*Collected data*
◆ ◆ ◆ ◆ ◆ ◆ ◆

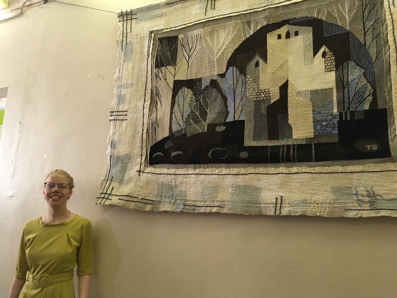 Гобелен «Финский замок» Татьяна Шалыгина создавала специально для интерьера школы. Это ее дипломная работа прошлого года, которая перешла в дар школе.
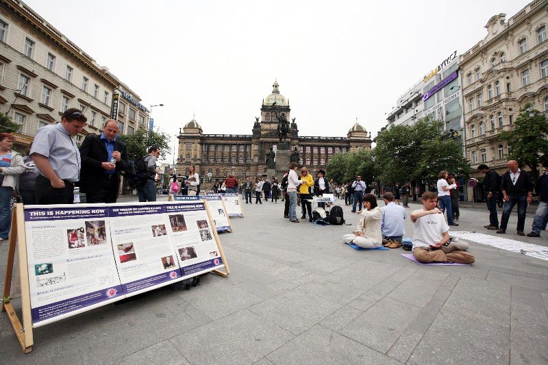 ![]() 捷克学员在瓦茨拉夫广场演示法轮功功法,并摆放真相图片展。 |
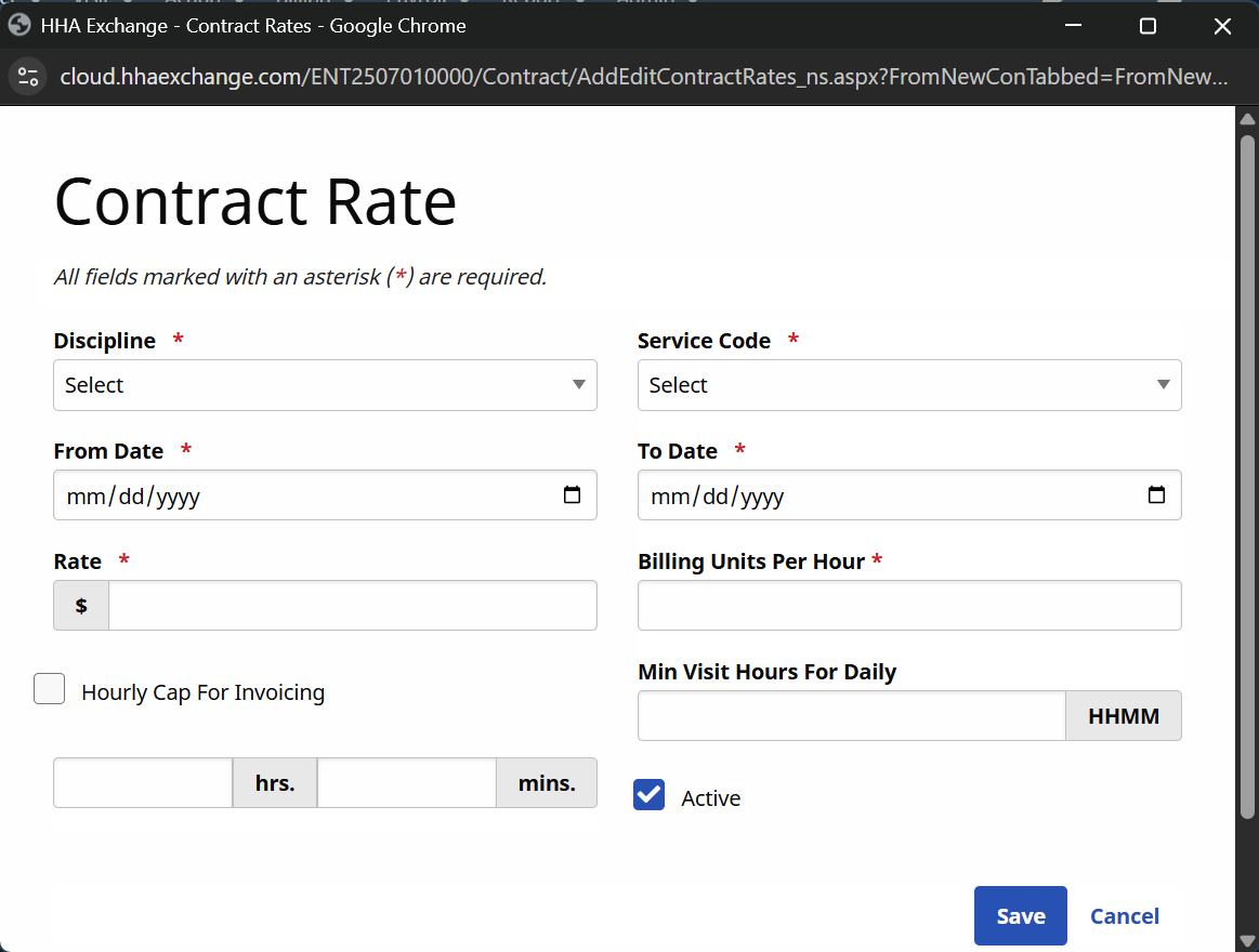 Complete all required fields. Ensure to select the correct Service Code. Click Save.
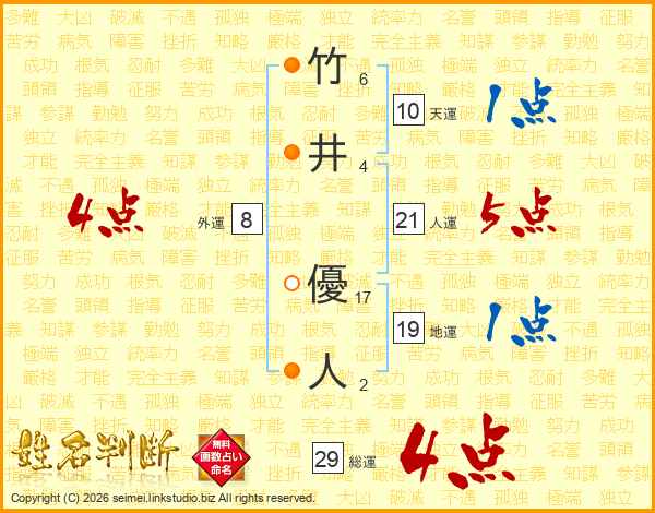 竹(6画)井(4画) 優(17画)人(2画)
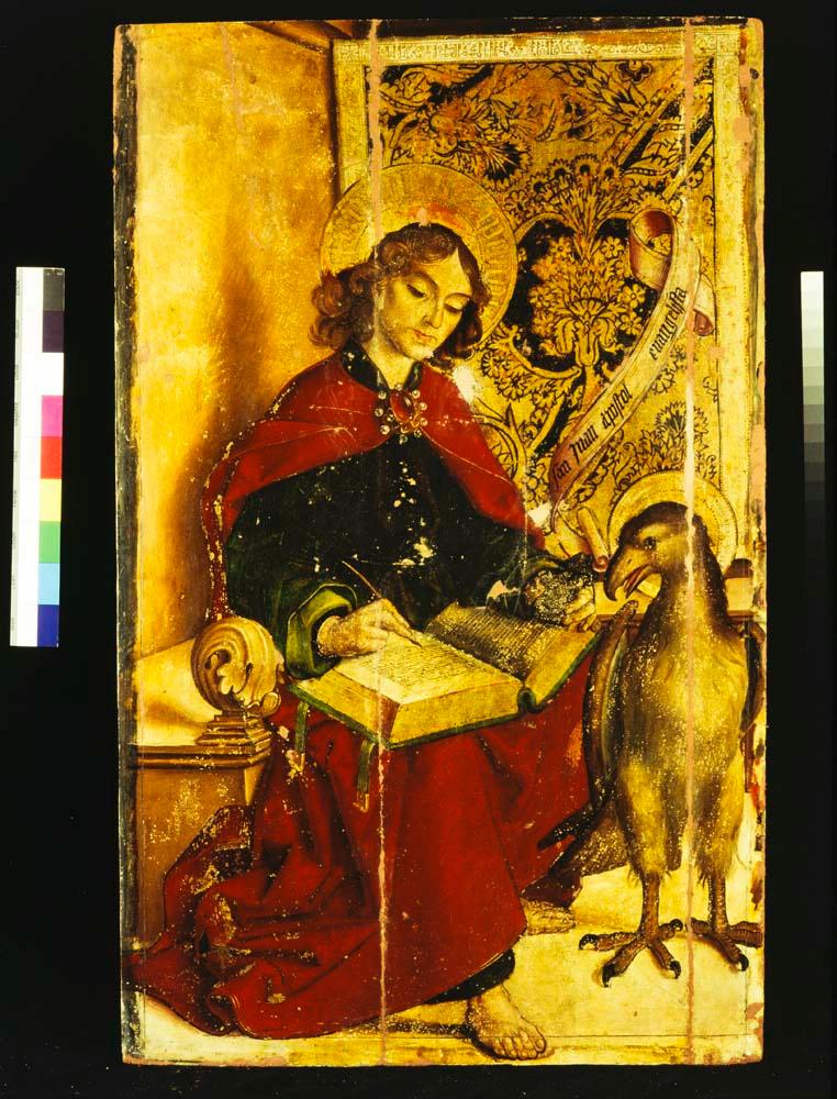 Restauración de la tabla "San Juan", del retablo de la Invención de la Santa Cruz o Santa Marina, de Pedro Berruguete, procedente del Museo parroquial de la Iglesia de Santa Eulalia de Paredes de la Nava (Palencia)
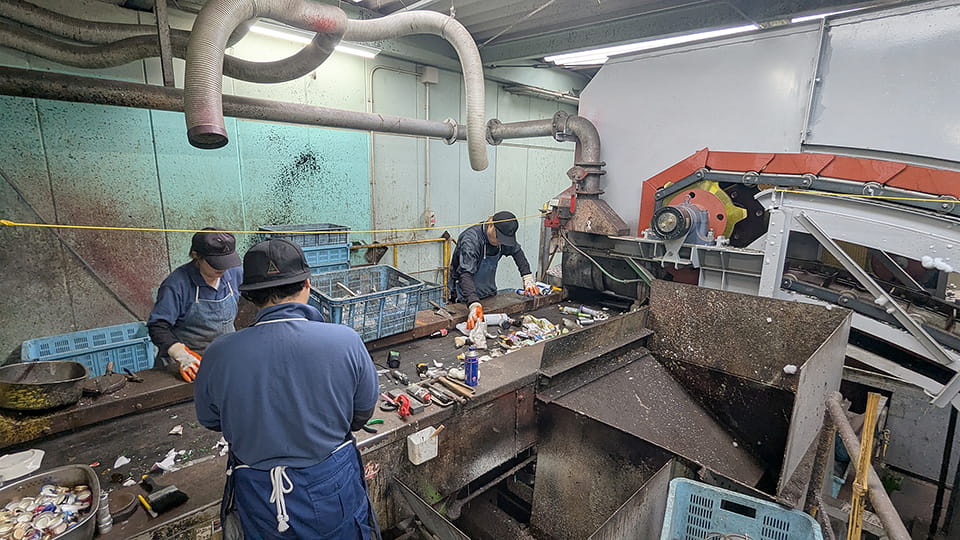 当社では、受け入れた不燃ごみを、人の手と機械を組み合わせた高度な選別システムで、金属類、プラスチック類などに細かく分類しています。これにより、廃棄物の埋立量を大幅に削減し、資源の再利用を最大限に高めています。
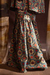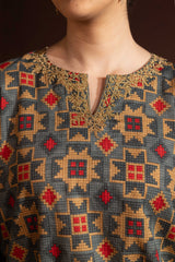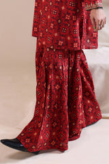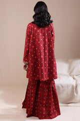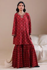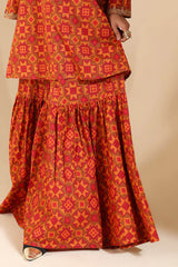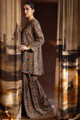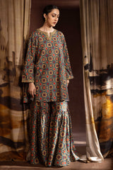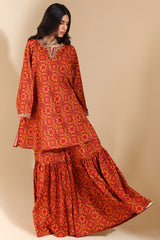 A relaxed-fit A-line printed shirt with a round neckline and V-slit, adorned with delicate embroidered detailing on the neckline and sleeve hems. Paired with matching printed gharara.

◆ ◆ ◆ ◆ ◆ ◆ ◆

Quote the preceding records in their entirety, excluding every picture.

 Гобелен «Финский замок» Татьяна Шалыгина создавала специально для интерьера школы. Это ее дипломная работа прошлого года, которая перешла в дар школе.
 ![]() 捷克学员在瓦茨拉夫广场演示法轮功功法,并摆放真相图片展。 |
 Complete all required fields. Ensure to select the correct Service Code. Click Save.
 竹(6画)井(4画) 優(17画)人(2画)
 Restauración de la tabla "San Juan", del retablo de la Invención de la Santa Cruz o Santa Marina, de Pedro Berruguete, procedente del Museo parroquial de la Iglesia de Santa Eulalia de Paredes de la Nava (Palencia)
 当社では、受け入れた不燃ごみを、人の手と機械を組み合わせた高度な選別システムで、金属類、プラスチック類などに細かく分類しています。これにより、廃棄物の埋立量を大幅に削減し、資源の再利用を最大限に高めています。
 A relaxed-fit A-line printed shirt with a round neckline and V-slit, adorned with delicate embroidered detailing on the neckline and sleeve hems. Paired with matching printed gharara.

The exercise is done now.